I am currently working on a search engine and i've started to implement semantic search. I use open distro version of elastic and my mapping look like this for the moment :
{
"settings": {
"index": {
"knn": true,
"knn.space_type": "cosinesimil"
}
},
"mappings": {
"properties": {
"title": {
"type" : "text"
},
"data": {
"type" : "text"
},
"title_embeddings": {
"type": "knn_vector",
"dimension": 600
},
"data_embeddings": {
"type": "knn_vector",
"dimension": 600
}
}
}
}
for basic knn_vector search i use this :
{
"size": size,
"query": {
"script_score": {
"query": {
"match_all": { }
},
"script": {
"source": "cosineSimilarity(params.query_value, doc[params.field1]) + cosineSimilarity(params.query_value, doc[params.field2])",
"params": {
"field1": "title_embeddings",
"field2": "data_embeddings",
"query_value": query_vec
}
}
}
}
}
and i've managed to get a, kind of, hybrid search with this :
{
"size": size,
"query": {
"function_score": {
"query": {
"multi_match": {
"query": query,
"fields": ["data", "title"]
}
},
"script_score": {
"script": {
"source": "cosineSimilarity(params.query_value, doc[params.field1]) + cosineSimilarity(params.query_value, doc[params.field2])",
"params": {
"field1": "title_embeddings",
"field2": "data_embeddings",
"query_value": query_vec
}
}
}
}
}
}
The problem is that if i don't have the word in the document, then it is not returned. For example, with the first search query, when i search for trump (which is not in my dataset) i manage to get document about social network and politic. I don't have these results with the hybrid search.
I have tried this :
{
"size": size,
"query": {
"function_score": {
"query": {
"match_all": { }
},
"functions": [
{
"filter" : {
"multi_match": {
"query": query,
"fields": ["data", "title"]
}
},
"weight": 1
},
{
"script_score" : {
"script" : {
"source": "cosineSimilarity(params.query_value, doc[params.field1]) + cosineSimilarity(params.query_value, doc[params.field2])",
"params": {
"field1": "title_embeddings",
"field2": "data_embeddings",
"query_value": query_vec
}
}
},
"weight": 4
}
],
"score_mode": "sum",
"boost_mode": "sum"
}
}
}
but the multi match part give a constant score to all documents that match and i want to use the filter to rank my document like in normal full text query. Any idea to do it ? Or should i use another strategy? Thank you in advance.

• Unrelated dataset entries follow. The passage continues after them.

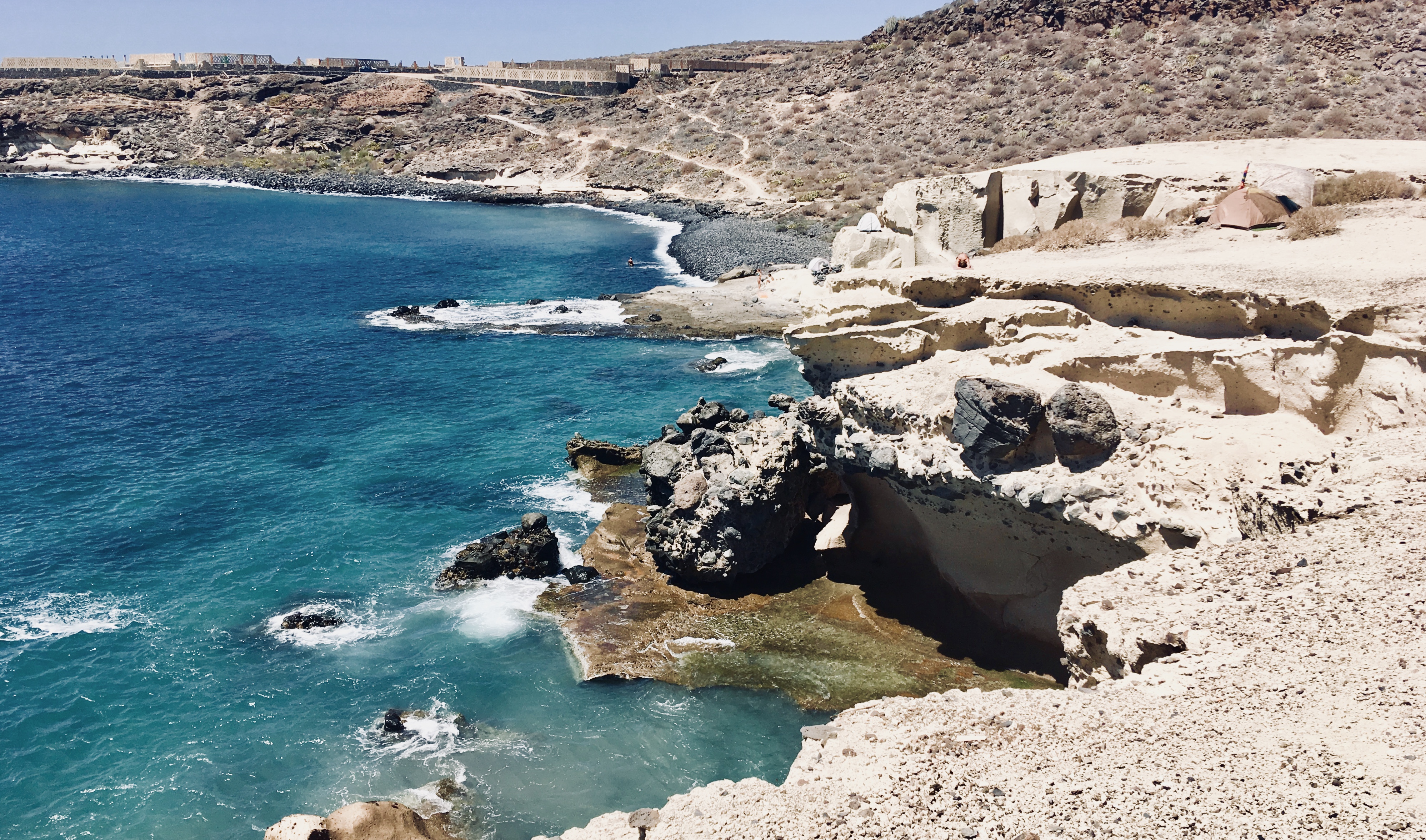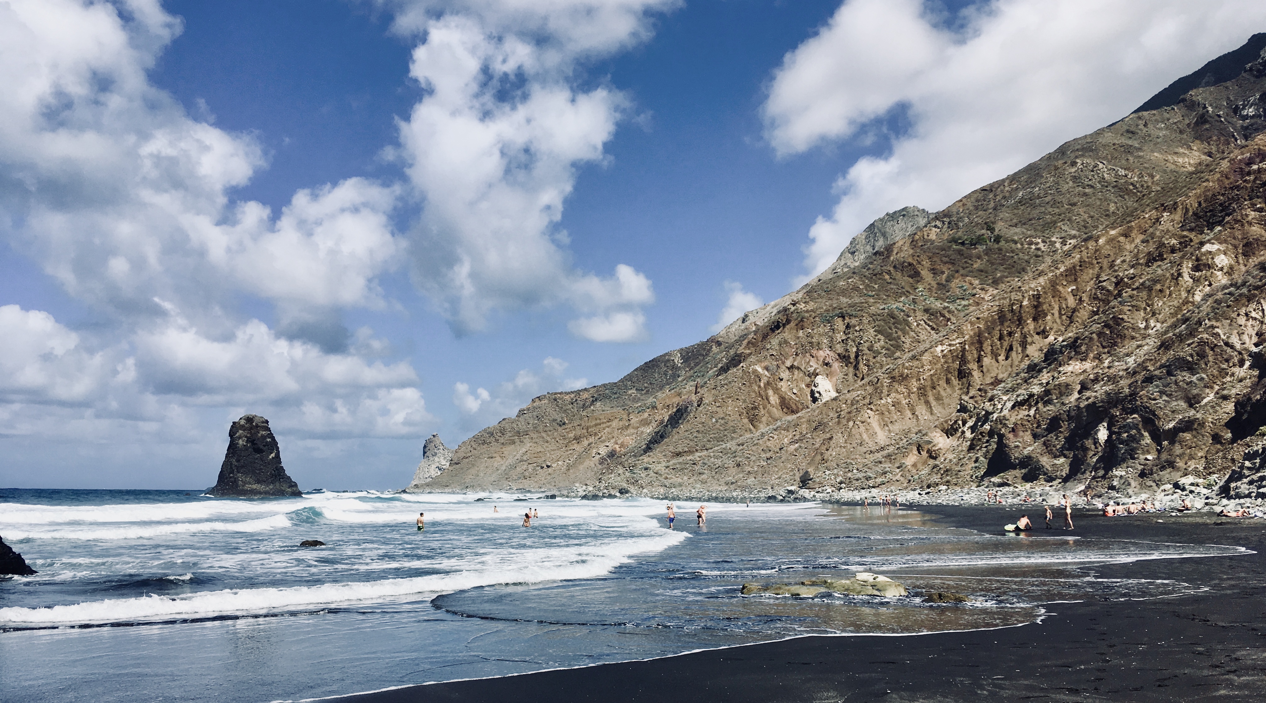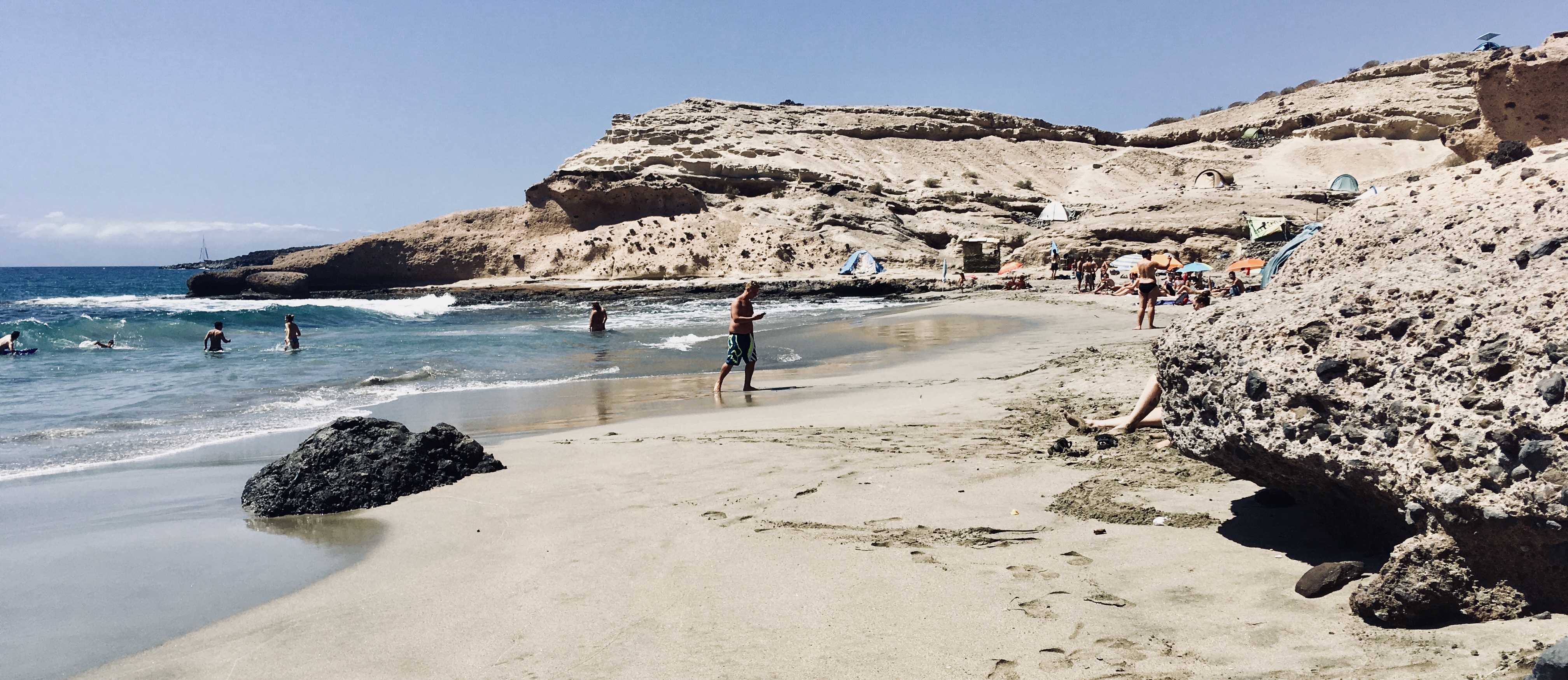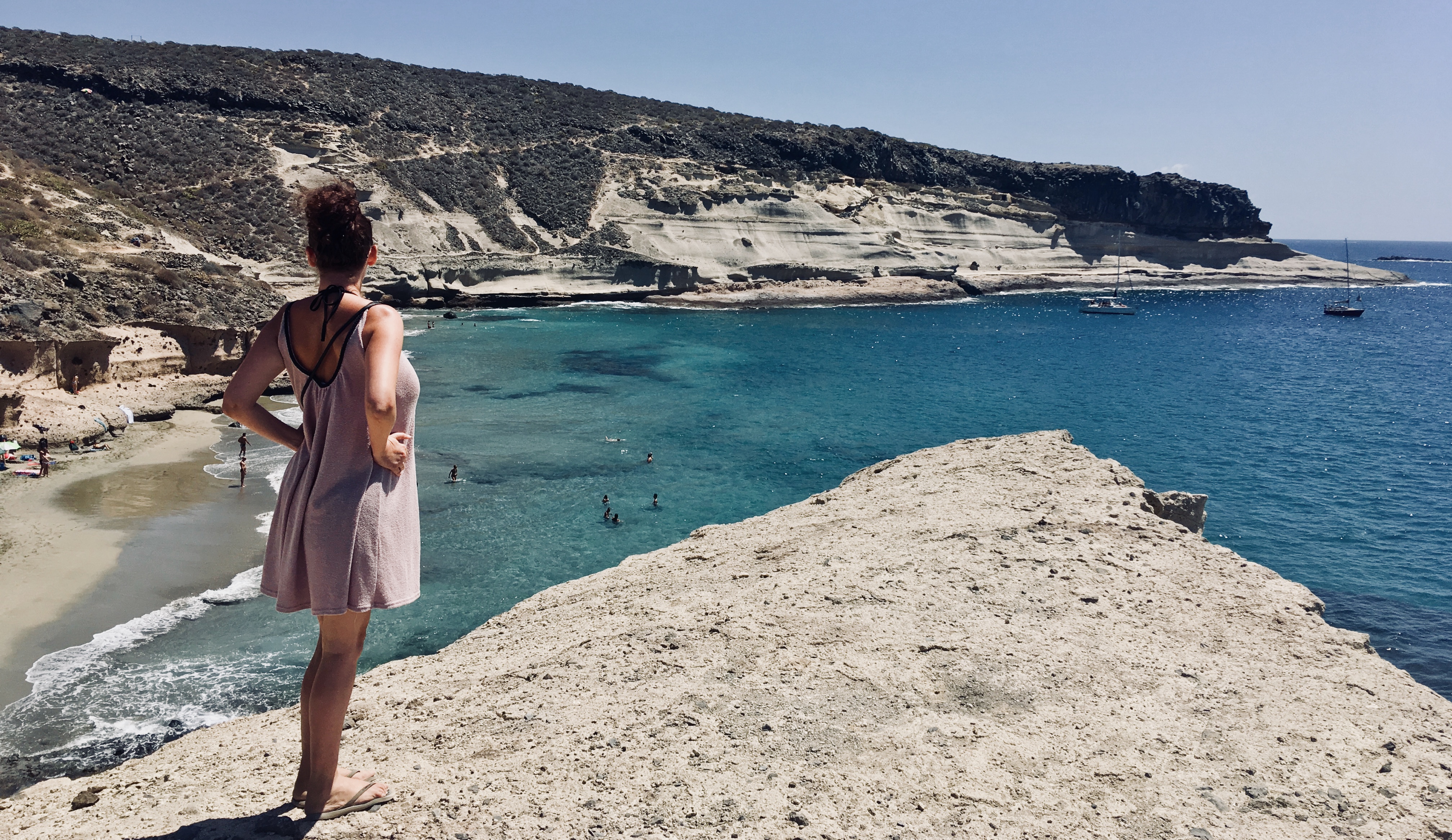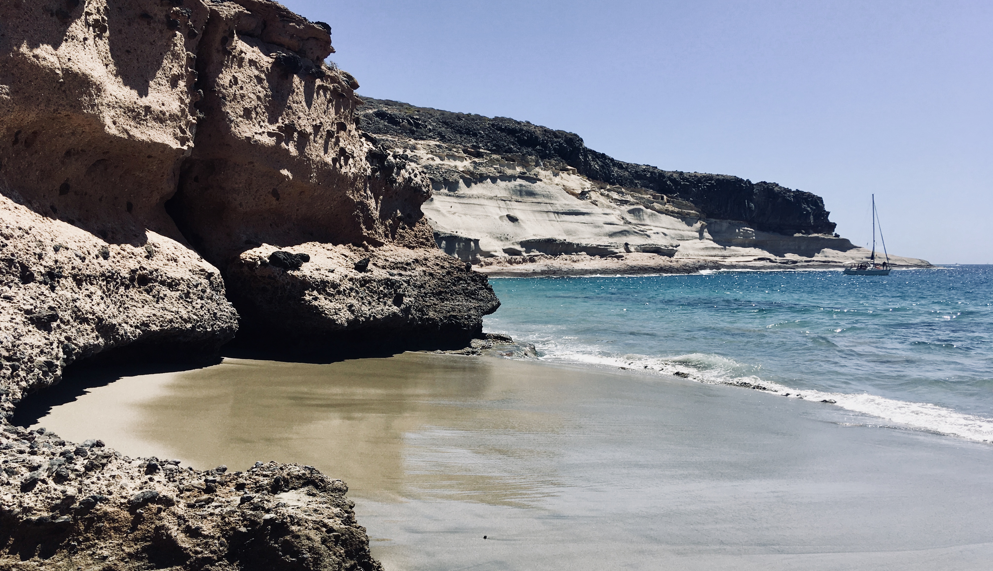 The beach is very diverse and you can swim pretty much along its entire length. Besides that, several tour boats arrive during the day, parking near the shore and transforming into party boats in the evening. We claimed a piece of beach behind the cliffs, created by the low tide, all to ourselves and didn’t leave until just before sunset, as this place captivated us. This beach definitely became one of our favorite trips in Tenerife.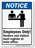 • • Our varied selection of Visitors Must Register Signs and Visitors Must Report To Office Signs allows you to instruct people to sign in, point them in the right direction, or set rules while visitors or vendors are on your property.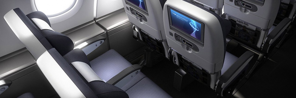 WORLD TRAVEL PLUS (Улучшенный экономический класс):Улучшенный эконом-класс представлен шестью рядами с расположением стандартных кресел 2:3:2, в шестом ряду 2:0:2. Все места достаточно удобные, но можно отметить 21 ряд — он близко расположен к туалету, частое хождение людей может добавить неудобства.
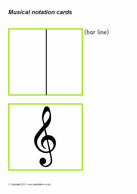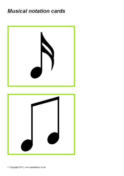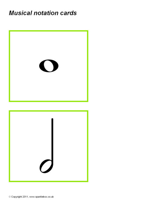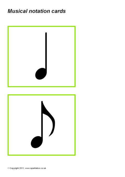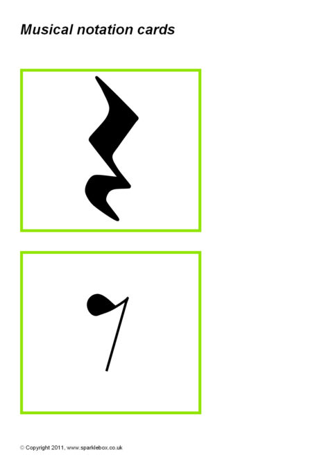 A set of printable cards with the musical notation for different length notes and rests. Could be laid out in sequences for children to create their own rhythmical phrases.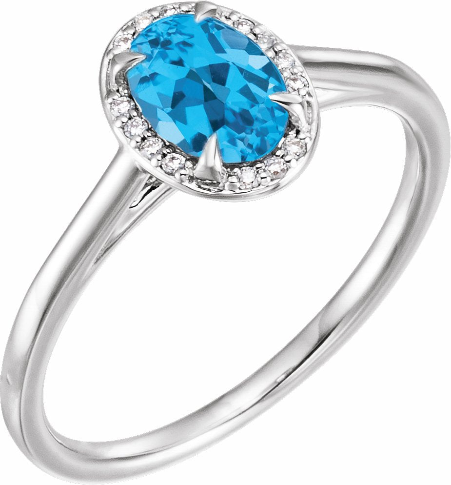 14K White 7x5 mm Oval Swiss Blue Topaz & .04 CTW Diamond Ring - 71634144P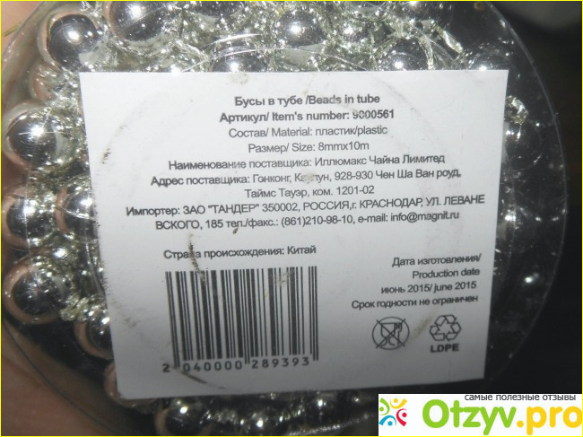 И вот, можно сказать, перед самым Новым годом, почти прямо перед этим праздником, 30 числа декабря, я заходила в магазин "Магнит" за продуктами, то ли за горошком, которого мне не хватило, да еще за чем-то съестным. И увидела на полке несколько туб с бусами. За 1 такую упаковку цена была 40 с чем-то рублей, то ли 41, то ли 42 уже точно и не вспомню, вообщем - сущие копейки:))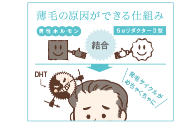 「5αリダクターゼの働きを妨げ、薄毛の原因となるDHT生成を防ぐことで、薄毛の進行を止める効果が期待できます。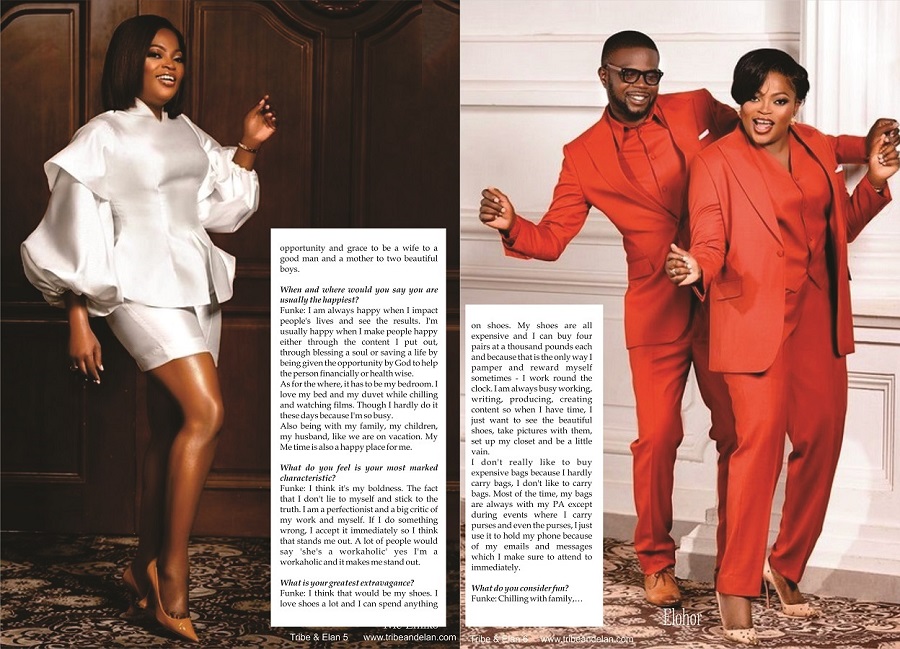 Funke: I think that would be my shoes. I love shoes a lot and I can spend anything on shoes. My shoes are all expensive and I can buy four pairs at a thousand pounds each and because that is the only way I pamper and reward myself sometimes – I work round the clock. I am always busy working, writing, producing, creating content so when I have time, I just want to see the beautiful shoes, take pictures with them, set up my closet and be a little vain.

After the help of Archit Saxena here is the solution of my problems :
{
"size": size,
"query": {
"function_score": {
"query": {
"bool": {
"should" : [
{
"multi_match" : {
"query": query,
"fields": ["data", "title"]
}
},
{
"match_all": { }
}
],
"minimum_should_match" : 0
}
},
"functions": [
{
"script_score" : {
"script" : {
"source": "cosineSimilarity(params.query_value, doc[params.field1]) + cosineSimilarity(params.query_value, doc[params.field2])",
"params": {
"field1": "title_embeddings",
"field2": "data_embeddings",
"query_value": query_vec
}
}
},
"weight": 20
}
],
"score_mode": "sum",
"boost_mode": "sum"
}
}
}